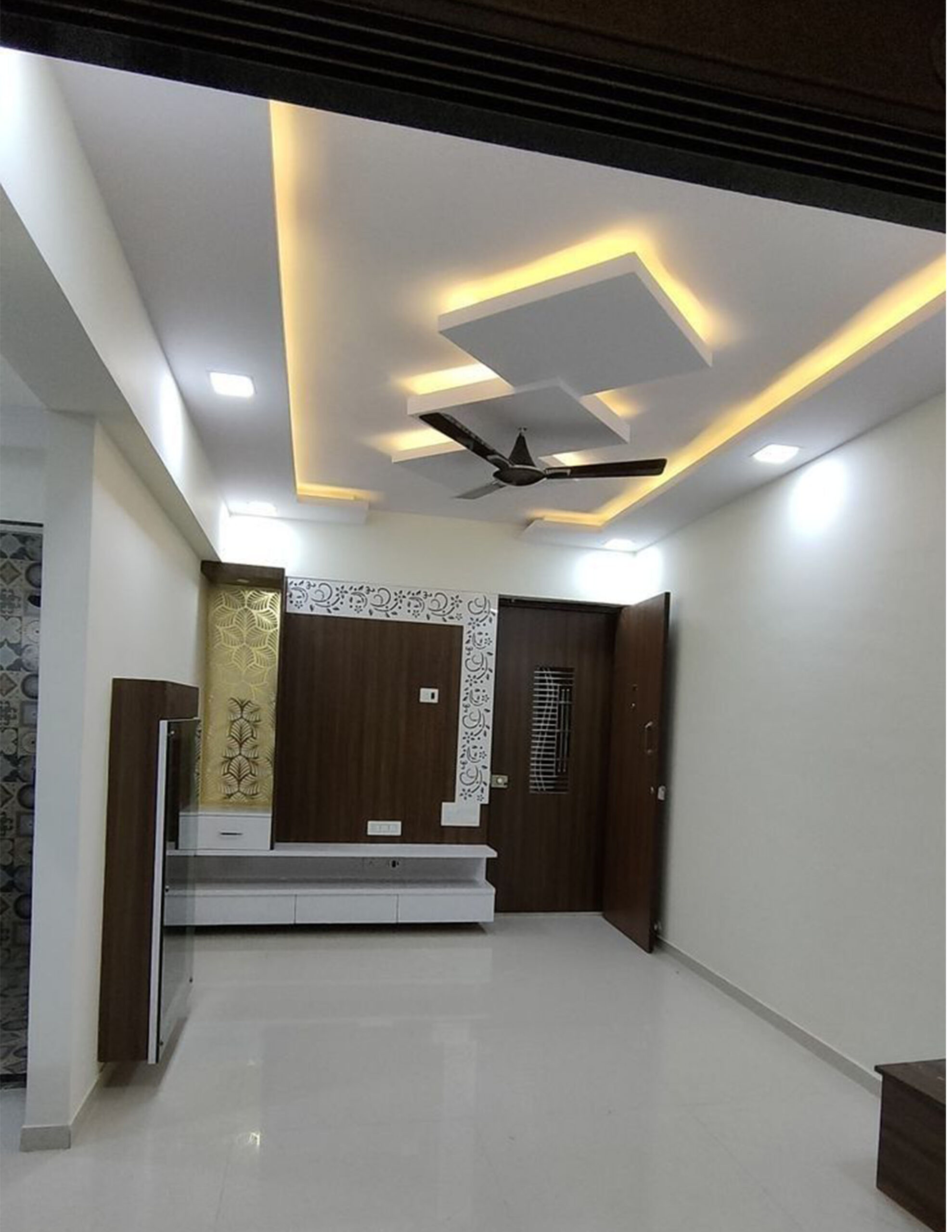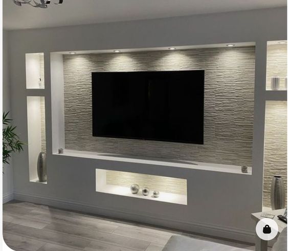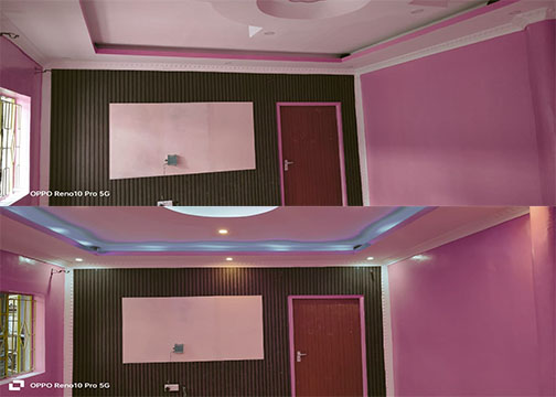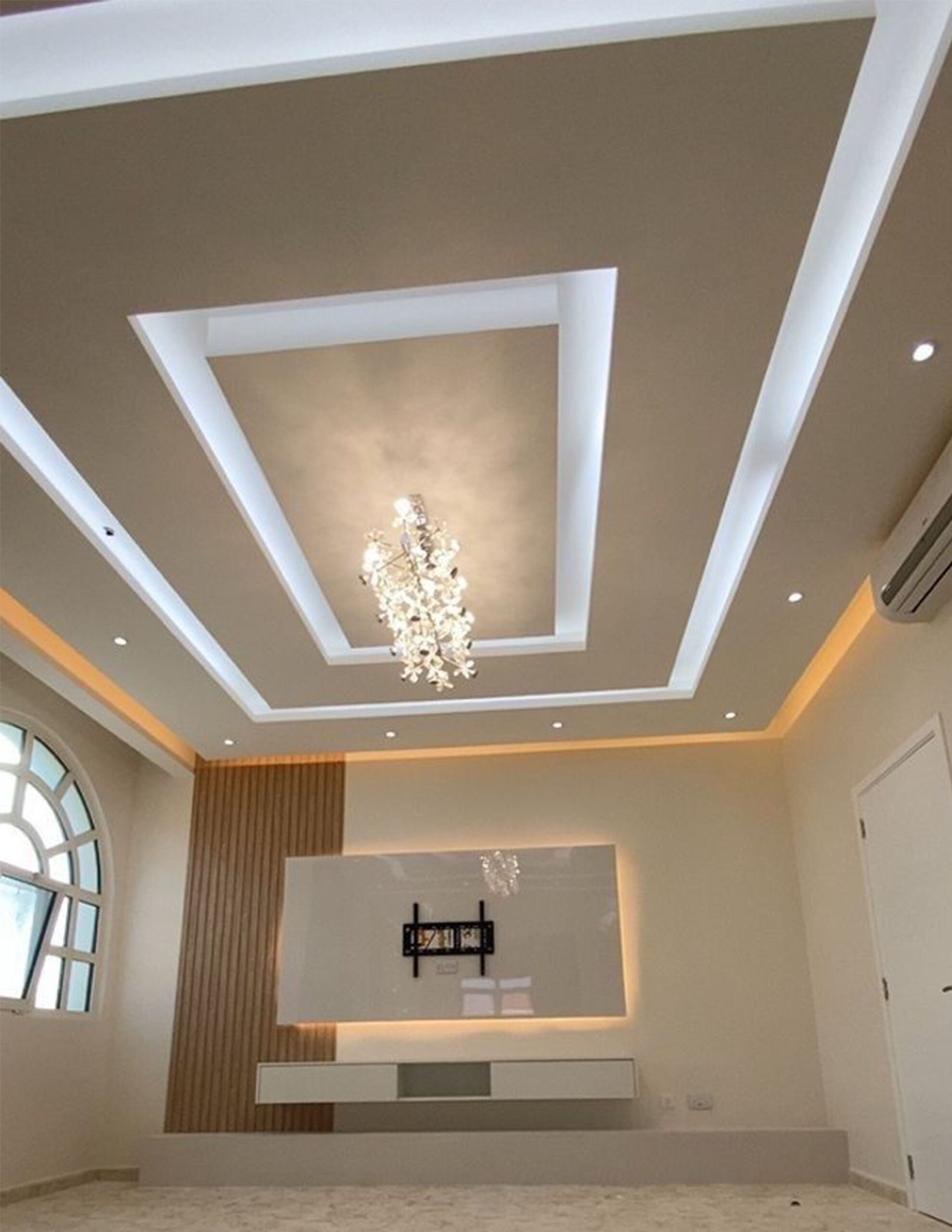 Our Living room gypsum designs enhances aesthetic appeal with stylish ceiling and wall elements. It offers versatility with crafts moldings, such as coffered or curved shapes with LED lighting. This design adds elegance, and a modern touch to the living space.
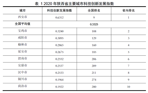 2020年度,陜西各市科技創(chuàng)新發(fā)展指數(shù)排名依次為:西安、寶雞、咸陽、榆林、延安、渭南、安康、漢中、銅川、商洛。其中只有省會西安的科技創(chuàng)新發(fā)展指數(shù)
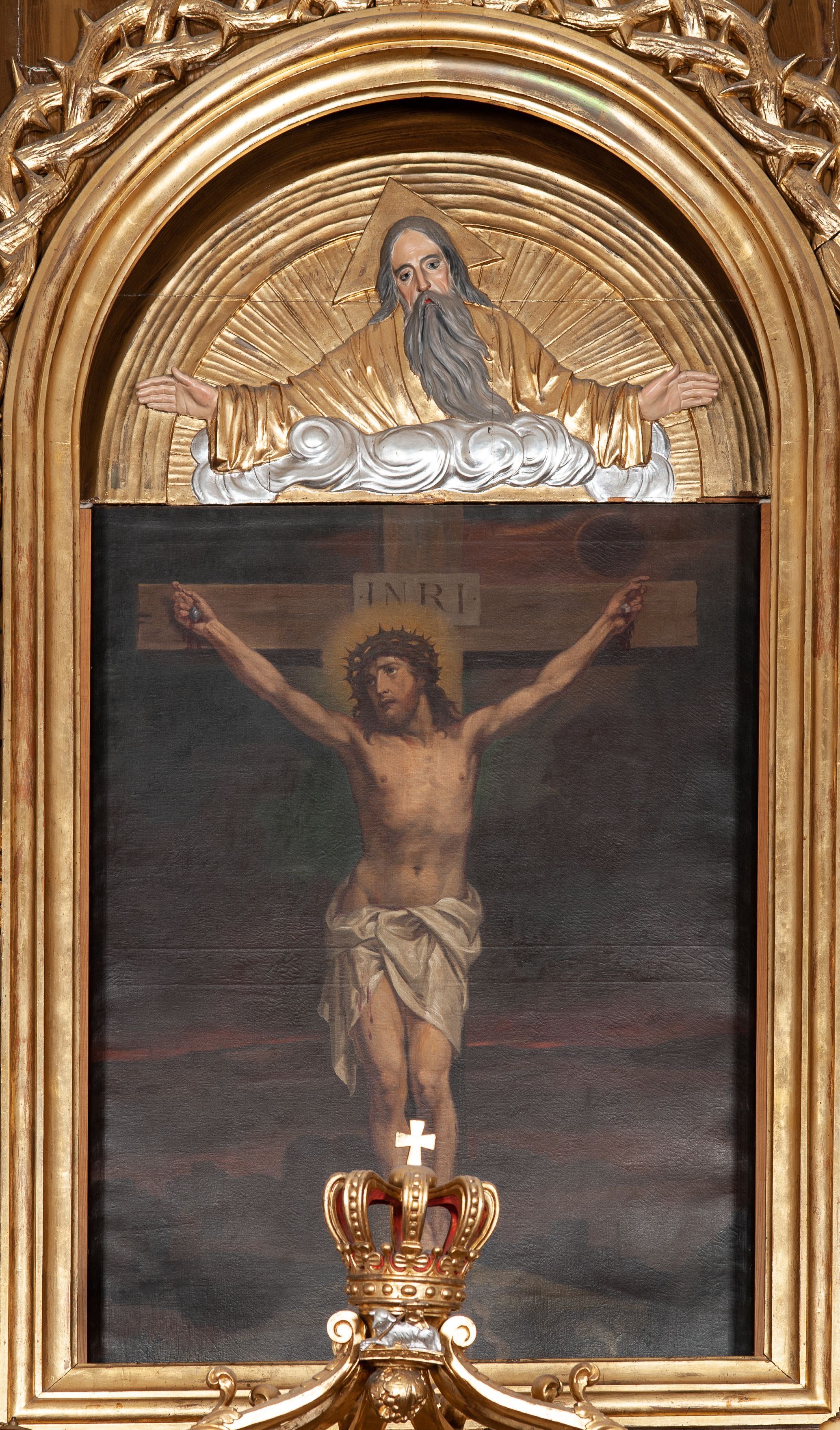 Obraz w kształcie stojącego prostokąta przedstawiający scenę Ukrzyżowania, powyżej płaskorzeźba Boga Ojca. W centrum kompozycji ukazany ukrzyżowany Chrystus na tle odległego pejzażu z Jerozolimą. Ciało łagodnie wygięte tworzące kształt litery „S”, głowa skierowana w prawą stronę. Twarz podłużna z długim i prostym nosem, dużymi oczami, okolona krótką brodą. Włosy długie, ciemnobrązowe, opadające na ramiona i plecy. Na głowie korona cierniowa, a wokół niej złoty, świetlisty nimb. Chrystus ma założone wokół bioder białe perizonium, silnie drapowane. Krzyż prosty, jasnobrązowy, nad głową Chrystusa wisi tabliczka z napisem „INRI”. Kolorystyka obrazu ciemna. Powyżej płaskorzeźba w kształcie półkola. W centrum półpostać Boga Ojca, wyłaniającego się z obłoków, z szeroko rozłożonymi na boki rękami, z głową delikatnie pochyloną na prawo. Twarz podłużna o wyraźnie zaznaczonych kościach policzkowych, z dużymi oczami i długim oraz prostym nosem, okolona bujną, siwą brodą. Włosy długie z przedziałkiem na środku, siwe, opadające na plecy. Bóg Ojciec ubrany jest w złoconą suknię z długimi i szerokimi rękawami. Wokół głowy ma złoty, trójkątny nimb. Tło złocone, ułożone z promieni, obłoki srebrzone. Rama drewniana, profilowana, złocona. Wokół ramy wieniec z gałązek cierniowych.
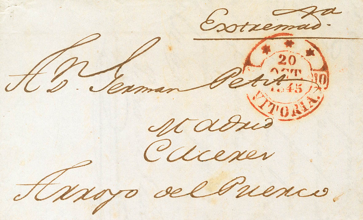 1845. VITORIA a ARROYO DEL PUERCO (CACERES). Baeza *** / VITORIA, en rojo. MAGNIFICA Y ESPECTACULAR ESTAMPACION.
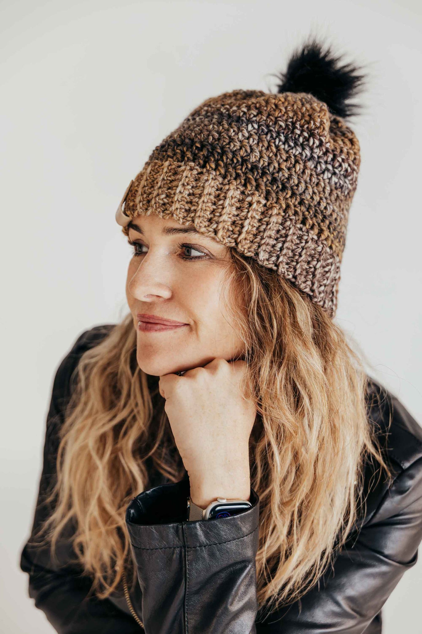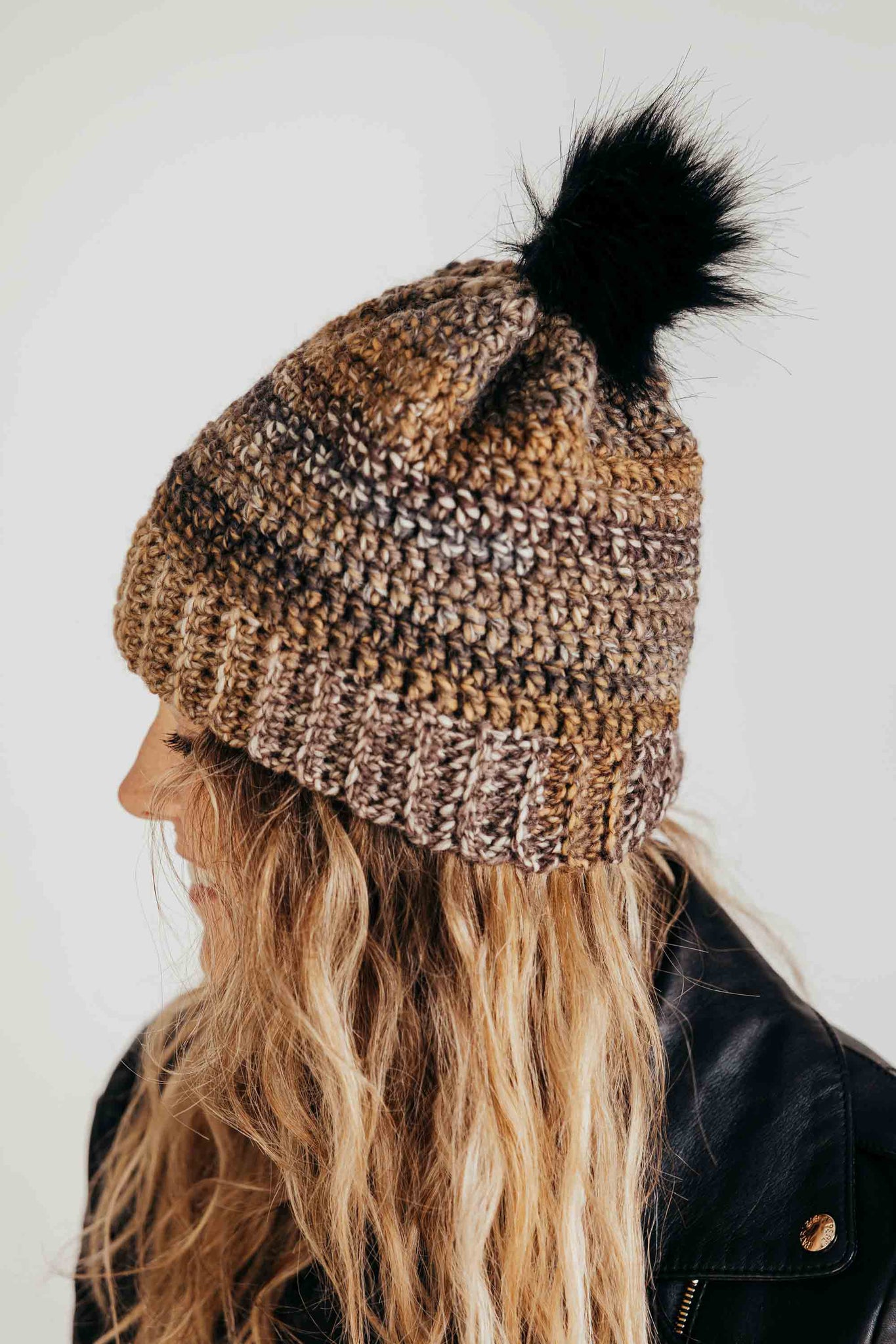 This easy crochet slouchy beanie with a brim is the perfect pattern for those who are beginner crocheters!
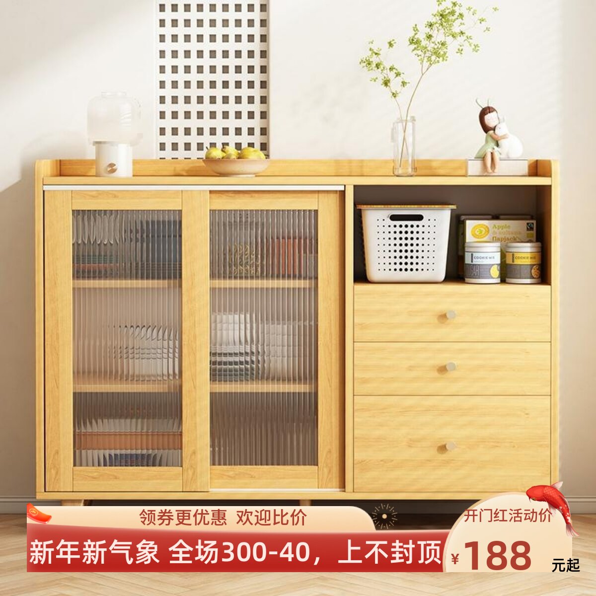 柜子储物柜餐边柜客厅家用收纳柜实木柜厨房橱柜靠墙置物柜茶水柜
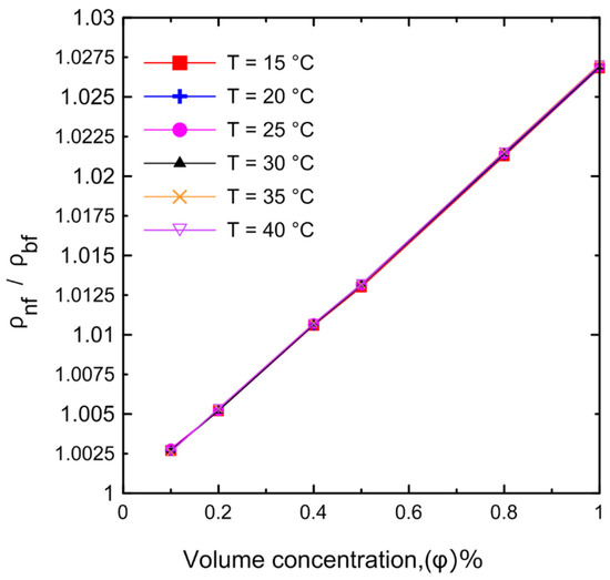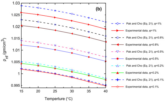 Comparison of the density values between the experiments and Equation (21) of Pak and Cho [53] for Al2O3–water nanofluid.
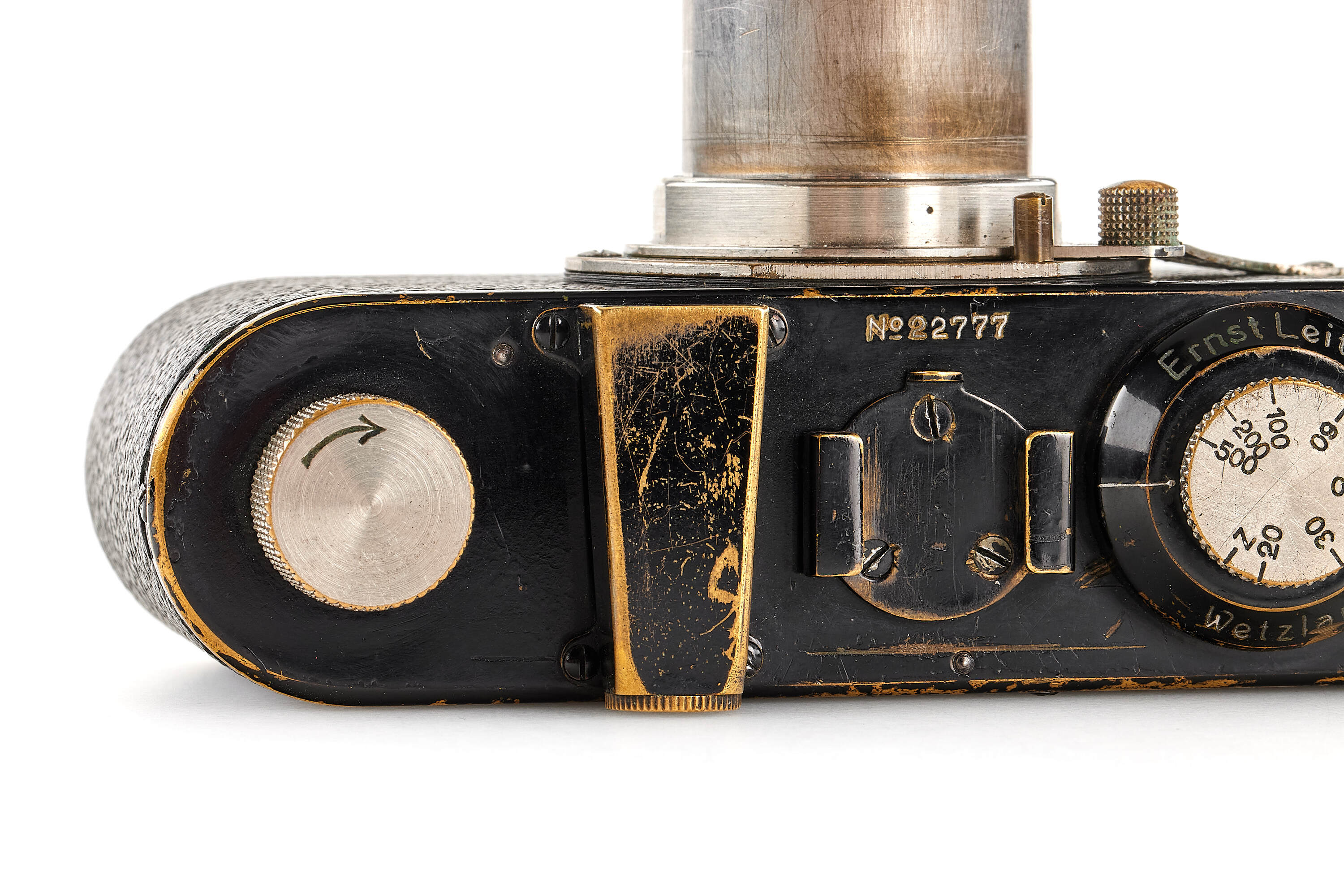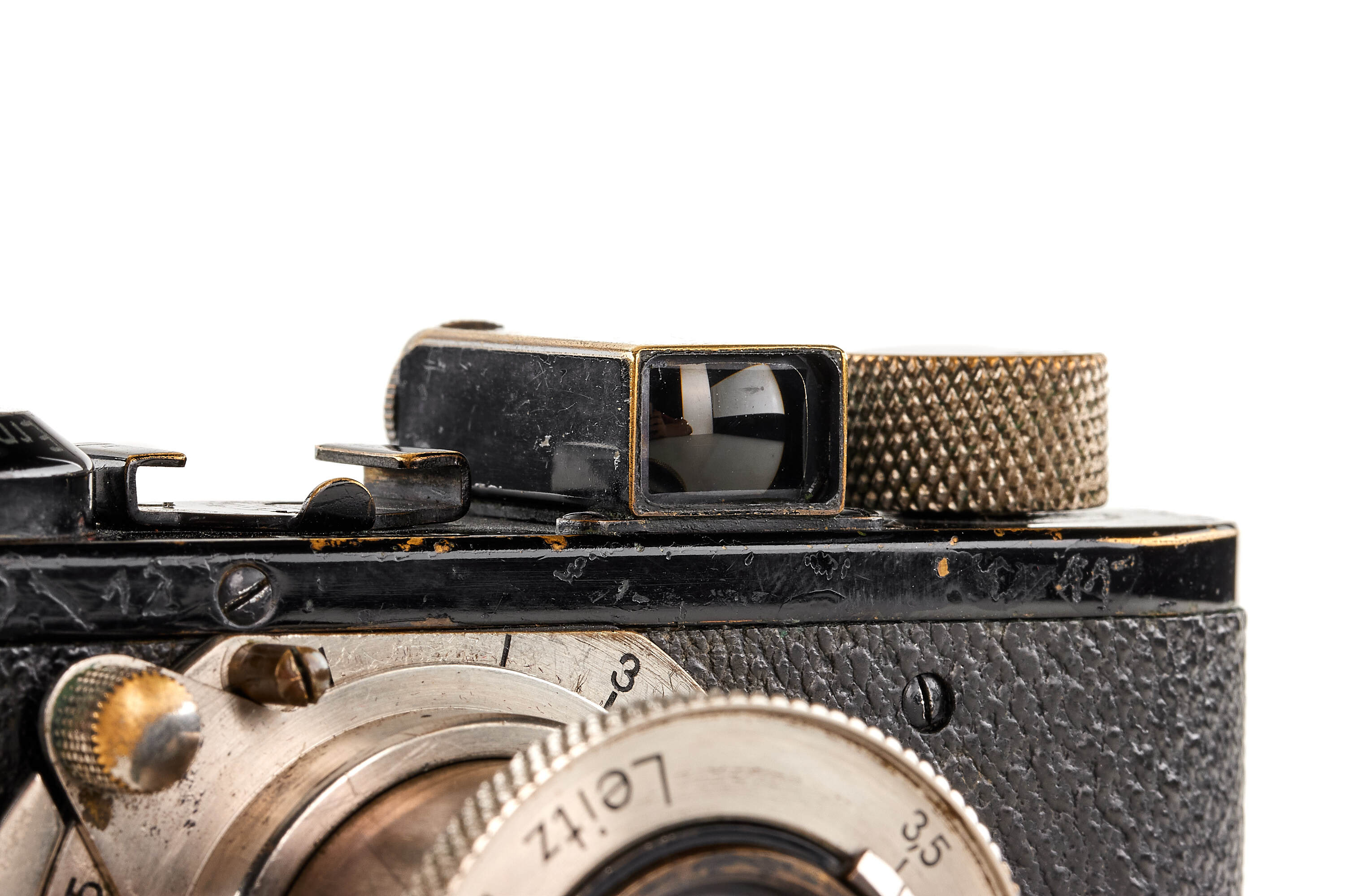 Nice 6th version (see von Einem 'Die 10 Varianten der klassischen Leica I A mit Elmar 1:3.5 F=50mm') in good condition, meter scale, delivered on 23.07.1930 to Prague, optics showing some cleaning marks and a few flakes, some hand engravings can be seen on the focus scale and in the black paint finish.

· · · · · · ·

■ EXERCISE INSTRUCTIONS
Repeat each line word for word, from the one with "This easy crochet" down to the last line of the data, and keep the pictures out of it.

■ ANSWER BOX
 This easy crochet slouchy beanie with a brim is the perfect pattern for those who are beginner crocheters!
 柜子储物柜餐边柜客厅家用收纳柜实木柜厨房橱柜靠墙置物柜茶水柜
 Comparison of the density values between the experiments and Equation (21) of Pak and Cho [53] for Al2O3–water nanofluid.
 Nice 6th version (see von Einem 'Die 10 Varianten der klassischen Leica I A mit Elmar 1:3.5 F=50mm') in good condition, meter scale, delivered on 23.07.1930 to Prague, optics showing some cleaning marks and a few flakes, some hand engravings can be seen on the focus scale and in the black paint finish.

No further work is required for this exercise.